> What needs to be done:
Pictures aside, copy exactly the lines running from the one with "In het plaatsje" to the end of the records.

> Information:
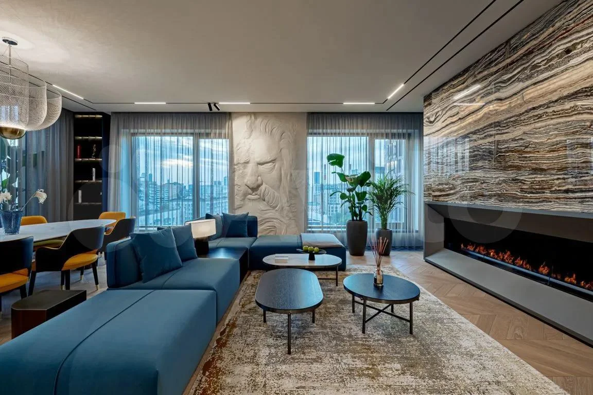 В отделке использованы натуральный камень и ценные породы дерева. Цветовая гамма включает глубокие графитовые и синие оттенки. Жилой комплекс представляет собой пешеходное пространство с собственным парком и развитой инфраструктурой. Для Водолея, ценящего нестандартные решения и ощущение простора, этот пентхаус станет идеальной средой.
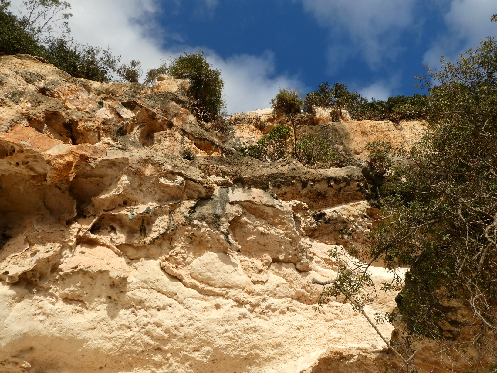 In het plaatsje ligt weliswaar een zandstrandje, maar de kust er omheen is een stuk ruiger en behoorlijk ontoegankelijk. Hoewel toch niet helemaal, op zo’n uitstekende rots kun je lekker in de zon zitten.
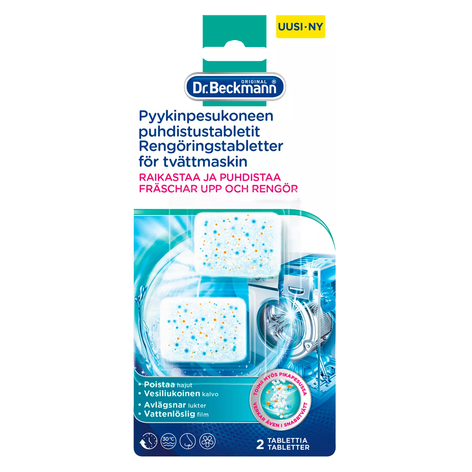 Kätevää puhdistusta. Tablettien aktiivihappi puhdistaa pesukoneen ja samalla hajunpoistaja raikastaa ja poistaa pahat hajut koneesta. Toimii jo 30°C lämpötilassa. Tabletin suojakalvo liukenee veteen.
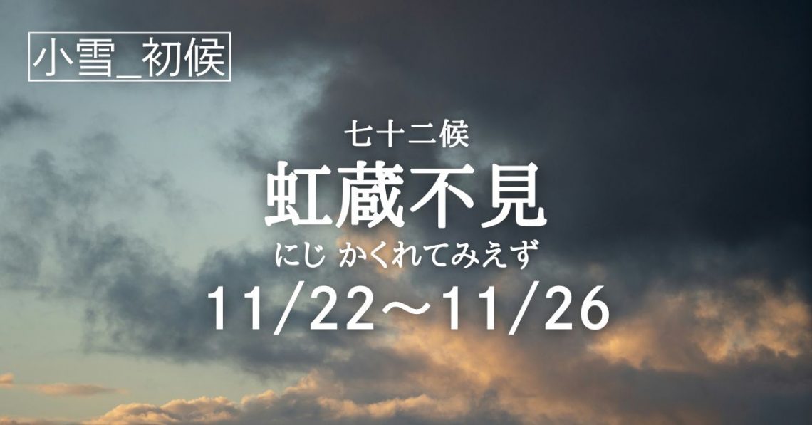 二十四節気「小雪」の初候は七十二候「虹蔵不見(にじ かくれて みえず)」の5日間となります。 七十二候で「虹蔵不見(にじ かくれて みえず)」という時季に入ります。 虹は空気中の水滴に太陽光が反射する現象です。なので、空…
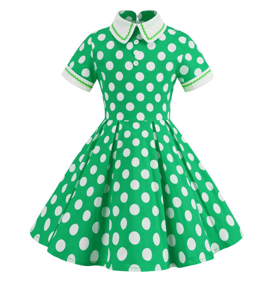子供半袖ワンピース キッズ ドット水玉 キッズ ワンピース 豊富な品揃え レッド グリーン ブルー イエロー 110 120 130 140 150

> Reply to the exercise:
 In het plaatsje ligt weliswaar een zandstrandje, maar de kust er omheen is een stuk ruiger en behoorlijk ontoegankelijk. Hoewel toch niet helemaal, op zo’n uitstekende rots kun je lekker in de zon zitten.
 Kätevää puhdistusta. Tablettien aktiivihappi puhdistaa pesukoneen ja samalla hajunpoistaja raikastaa ja poistaa pahat hajut koneesta. Toimii jo 30°C lämpötilassa. Tabletin suojakalvo liukenee veteen.
 二十四節気「小雪」の初候は七十二候「虹蔵不見(にじ かくれて みえず)」の5日間となります。 七十二候で「虹蔵不見(にじ かくれて みえず)」という時季に入ります。 虹は空気中の水滴に太陽光が反射する現象です。なので、空…
子供半袖ワンピース キッズ ドット水玉 キッズ ワンピース 豊富な品揃え レッド グリーン ブルー イエロー 110 120 130 140 150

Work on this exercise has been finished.